Bin zwar noch so jung, dass ich die ersten Teile gar nicht mitbekommen hab, aber selbst seit ich mich für PC Spiele interessiere gabs schon einige Ankündigungen aus denen bis jetzt nichts geworden ist


----------



## Ahab (3. November 2009)

jaja es ist halt schon wieder zu lange nicht mehr im gespräch gewesen...  "Deine Wünsche werden erfüllt"  wie affig, ehrlich. dass die fans es dabei noch ernst meinen kann ich mir nur schwerlich vorstellen. für mich gibt sich 3D Realms nur immer mehr der lächerlichkeit preis.


----------



## feivel (3. November 2009)

<- ich will prey 2 nicht den duke XD


----------



## Genghis99 (3. November 2009)

Da hör ich ganz leise "Neverending Story". Da spekuliert wohl jemand wieder auf den Vapor-ware Awards ....


----------



## Sarge_70 (3. November 2009)

"Guess again, freakshow. I'm coming back to town, and the last thing that's gonna go through your mind before you die... is my size- 13 boot!" 

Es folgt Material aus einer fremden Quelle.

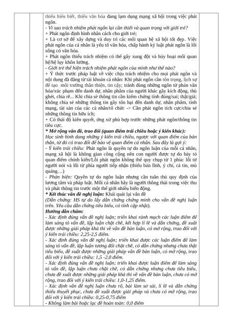 b. Xác định đúng vấn đề cần nghị luận: Trách nhiệm trong phát ngôn của 0,5
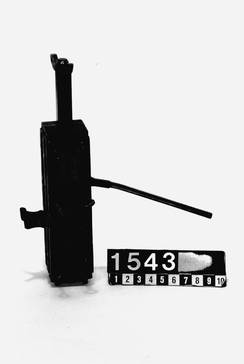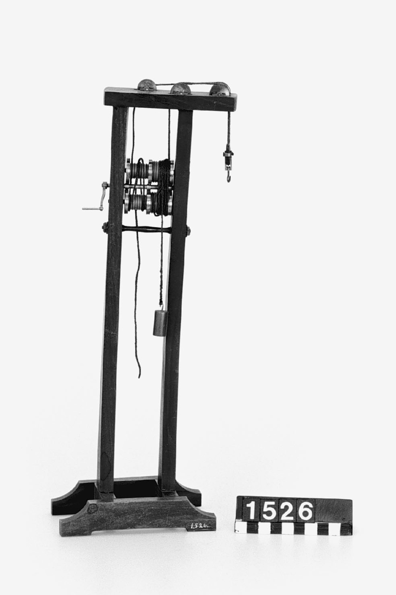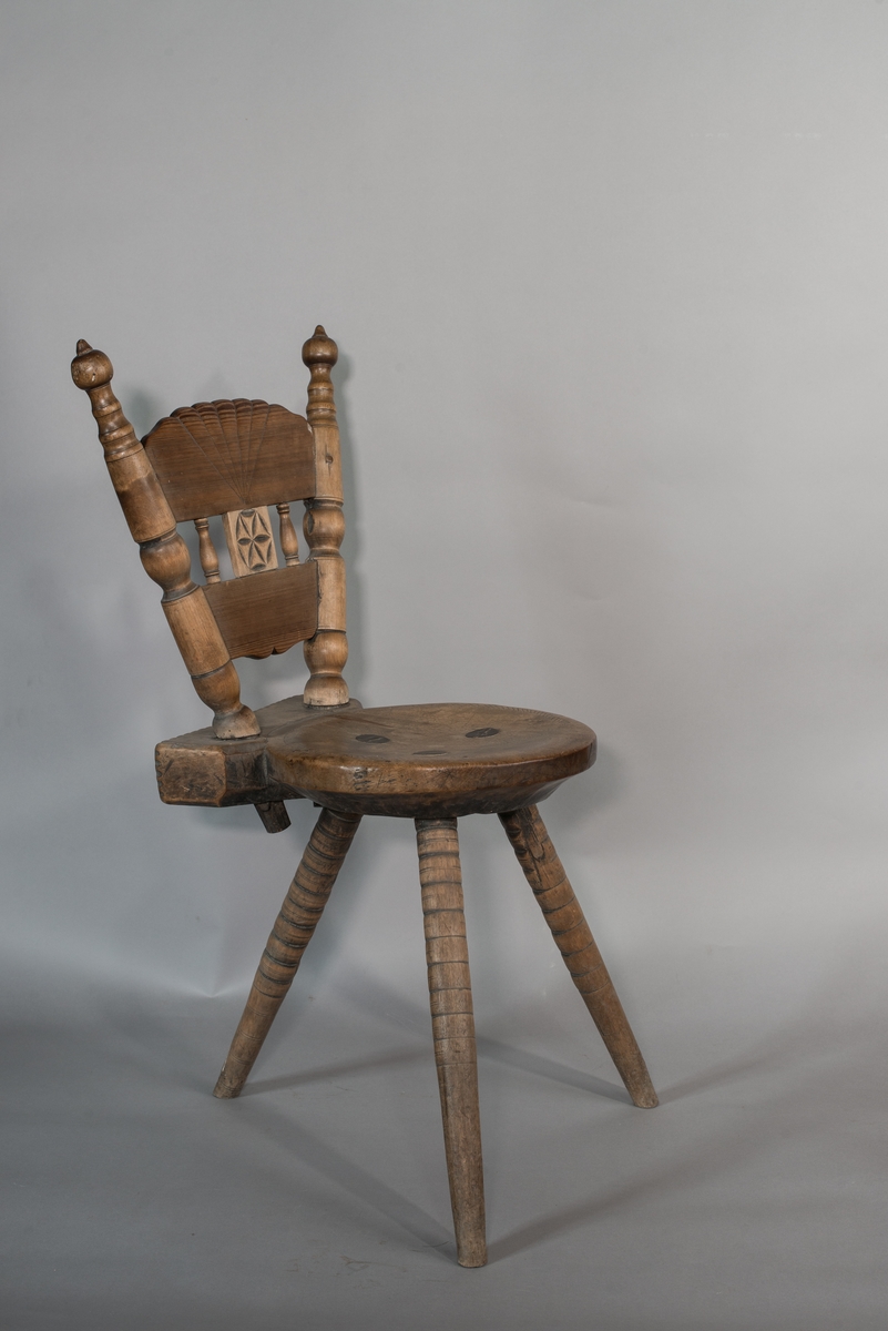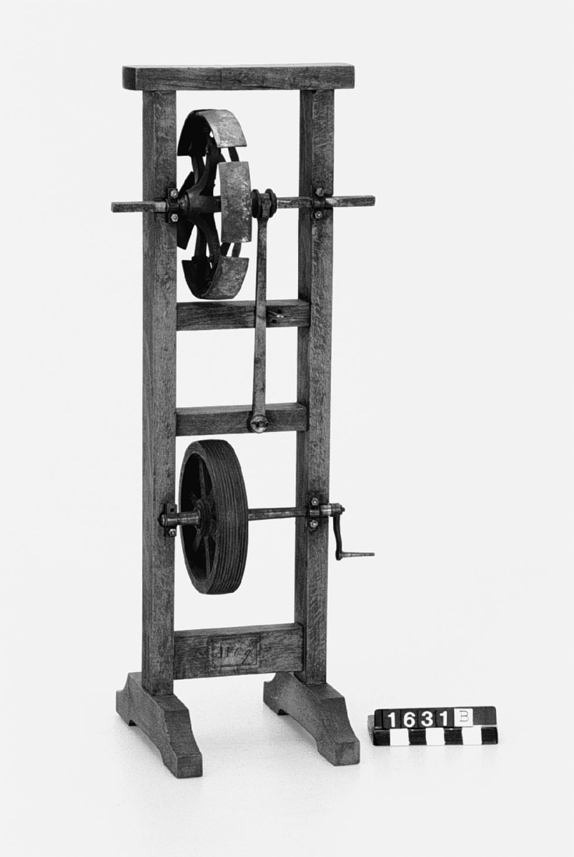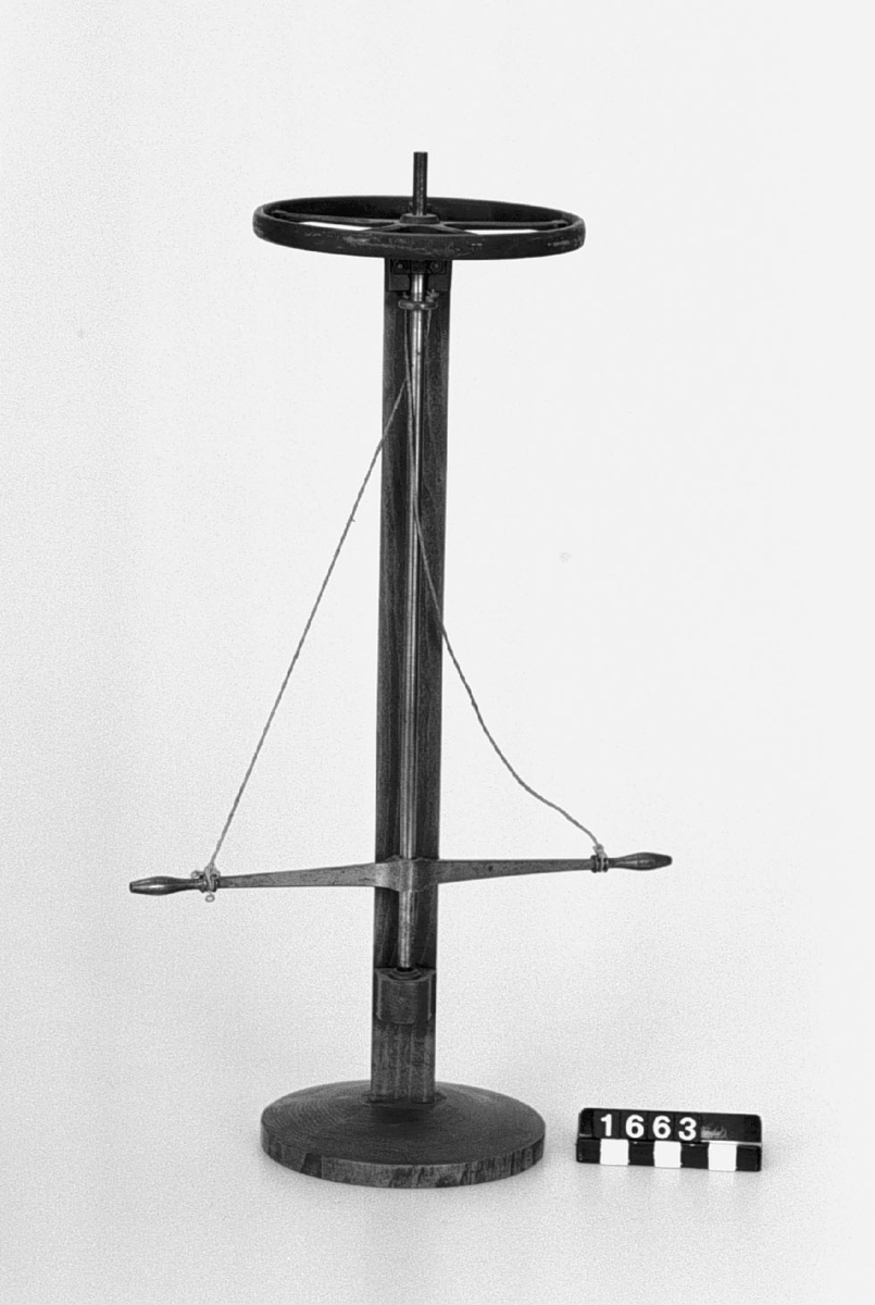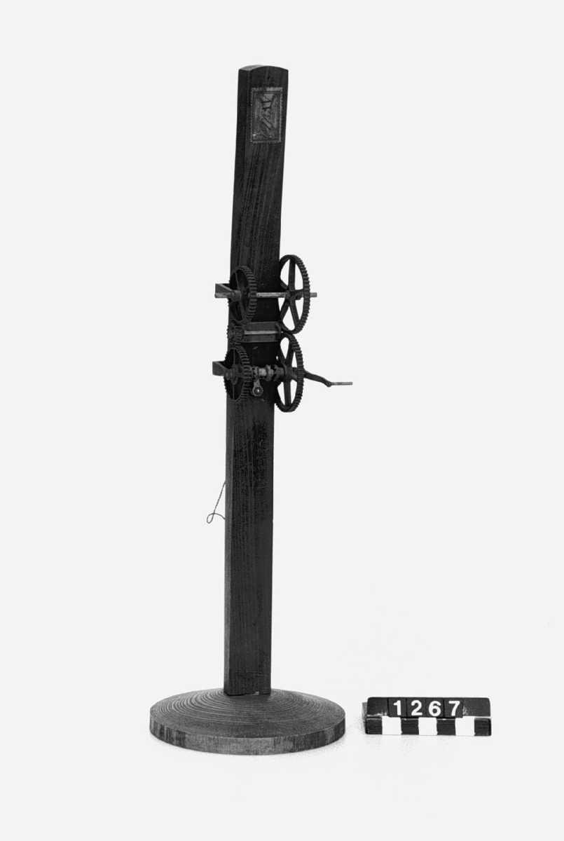 . Wooden rack with space to hold up to three telescopes and a wooden shelf above. The rack would have been attached to a wall or partition.

Ich glaube fest an den Duke !!

Mfg


----------



## Gunny Hartman (3. November 2009)

Duke Verzögerung Forever wird doch nie mehr erscheinen. Da glaubt doch kein Mensch mehr dran. 
Die haben schon oft groß von irgendwas gelabert und am Ende wars doch wieder nur heiße Luft.


----------



## smirking-joe88 (3. November 2009)

Also ich glaub auch nicht mehr dran, dass der Duke nochmal auf meinem Bildschirm rumballert
Die wollen sich nur wieder etwas ins Rampenlicht rücken, das wars auch schon... schade 3D realms


----------



## chefmarkus (3. November 2009)

Was denn, es ist alles möglich! Sieht man doch bei Monkey Island


----------



## Rotax (3. November 2009)

Lächerlich^10 was die da abziehen.


----------



## CrimsoN 2.0 (3. November 2009)

Man wir reden von dem Duke denn bekommt man nicht so klein !!


----------



## kuer (4. November 2009)

Sorry, aber ich sch****** auf den DUKE. Zu viel Lügen zu viel Verarsche. Selbst wenn der Duke noch raus kommt, gibt es keinen Cent von mir.


----------



## schranzhans (4. November 2009)

Warscheinlich macht das Motion Captureing für den Duke Chuck Norris! Deshalb brauchen die so lang! So viele Kicks und Moves... da braucht man 100 Programmierer und 10 Jahre Zeit!


----------



## BigBubby (4. November 2009)

Es gibt doch genügend titel die ewig gebraucht haben. Prey, Messiah, (Alan Wake), Stalker. Gekommen sind die doch irgendwann.
Genau so wird es mit dem Duke sein. Irgendwann kommt ein ambitioniertes Team und wird den auch wieder rausholen und zum erfolg führen.


----------



## unterseebotski (4. November 2009)

Die sollten bei 3Drealms lieber mal Chuck Norris als Programmierer einstellen, dann wirds auch was mit angekündigten Spielen...


----------



## wuselsurfer (4. November 2009)

kuer schrieb:


> Sorry, aber ich sch****** auf den DUKE. Zu viel Lügen zu viel Verarsche. Selbst wenn der Duke noch raus kommt, gibt es keinen Cent von mir.



Noch 'n Jungspund  .


----------



## Hugo78 (4. November 2009)

kuer schrieb:


> Sorry, aber ich sch****** auf den DUKE. Zu viel Lügen zu viel Verarsche. Selbst wenn der Duke noch raus kommt, gibt es keinen Cent von mir.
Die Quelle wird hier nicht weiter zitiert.